No threats, just vote: There are better ways to fight against health care reform bill.
Before we even start let's get this clear: It is never right to threaten to harm someone, to throw bricks through their windows or to otherwise act in a ridiculously stupid manner.
So, anyone who encourages anyone to react in an irresponsible manner to the recent health care bill passage is quite simply ... wrong.
But that said, that does not mean that those who believe strongly that what was done this week in the House of Representatives was patently wrong -- and who want someone to know it -- should sit silent.
There are many much better choices for those who are now engaged in the politics of their country and in being a part of having a say in its future -- and who want those who are currently serving to know what they expect from them.

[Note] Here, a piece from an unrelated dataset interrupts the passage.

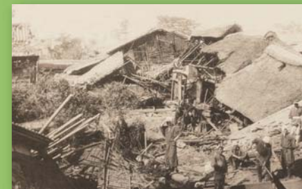
書籍:ジョン・ミルン他著, The Great Earthquake of Japan, 1891より

今年は、宝永地震(1707)から310年を迎えます。奇しくも同じ10月28日に発生した宝永地震(1707)と濃尾地震(1891)を取り上げ、東海地方の歴史災害をとおして、現在の我々が防災・減災について考える新たな視点を紹介します。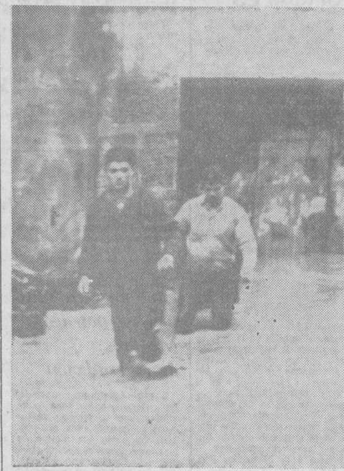
Vigo. — Aspecto de la calle de Santander, en la ciudad viguesa, durante las inundaciones sufridas el pasado día ocho.

And while it might make many Americans angry to hear the condescending rhetoric about how the decision was made to approve the bill -- because it is what a leader does, even when the majority of his constituency disagrees -- that does not mean that the battle is over and the only recourse are threats and violence.
If you disagree and you want to remind your representatives for whom they work, go down to your local party headquarters and get voter registration forms. Talk to your neighbors and get them interested in the upcoming elections. Encourage them to have their say.

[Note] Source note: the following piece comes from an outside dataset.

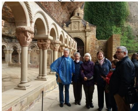
En el claustro

Al día siguiente , tras el desayuno, nos dirigimos al Monasterio de SAN JUAN DE LA PEÑA , allí nos esperaba un guía oficial, que nos condujo por este lugar emblemático de nuestra geografía e historia.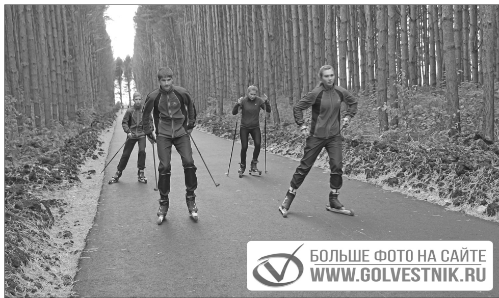
Трасса отличная! Роллеры катаются мягко, и скорость развивается хорошая

And if you wholeheartedly support the measure, have your say, too.
The way to effect change is simply to use your vote to send a message -- that is why this country is so great -- the people are the ones who decide the future of this nation, not the politicians.
And about the Sarah Palin alleged Internet controversy -- give us a break.

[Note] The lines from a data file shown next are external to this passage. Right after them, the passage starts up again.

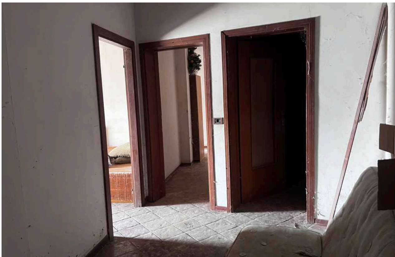
FOTO 5 - Ingresso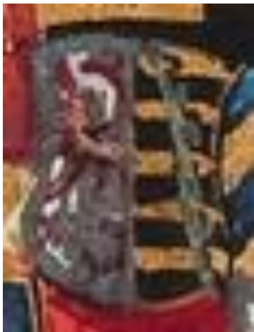
De rode adelaar nauwelijks te zien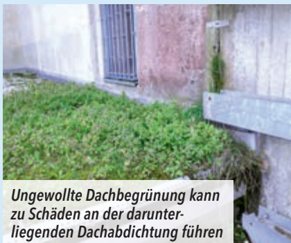
Ungewollte Dachbegrünung kann zu Schäden an der darunterliegenden Dachabdichtung führen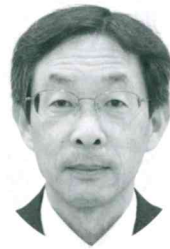
蕨市健康福祉部長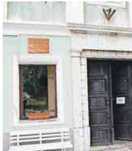
Ob obletnici zaprtja gasilske šole so odkrili spominsko ploščo.

Encouraging her supporters to "reload" is, quite simply, a metaphor for reorganizing, re-energizing and getting involved in the process. Targeting districts is not a call for violence, but a recognized reference in politics. And it is one many of you have heard before.
Remember when the Democrats sent out an e-mail campaign threatening those who were considering voting against the health care reform bill?
Check out that language. Where was the outrage then?
There is going to be lots of grandstanding in the next few days -- and more than a few press conferences. Do not let them dissuade you. If you want to have a say either way, do so, responsibly, and then work to get out the vote.
This nation really does still belong to the people.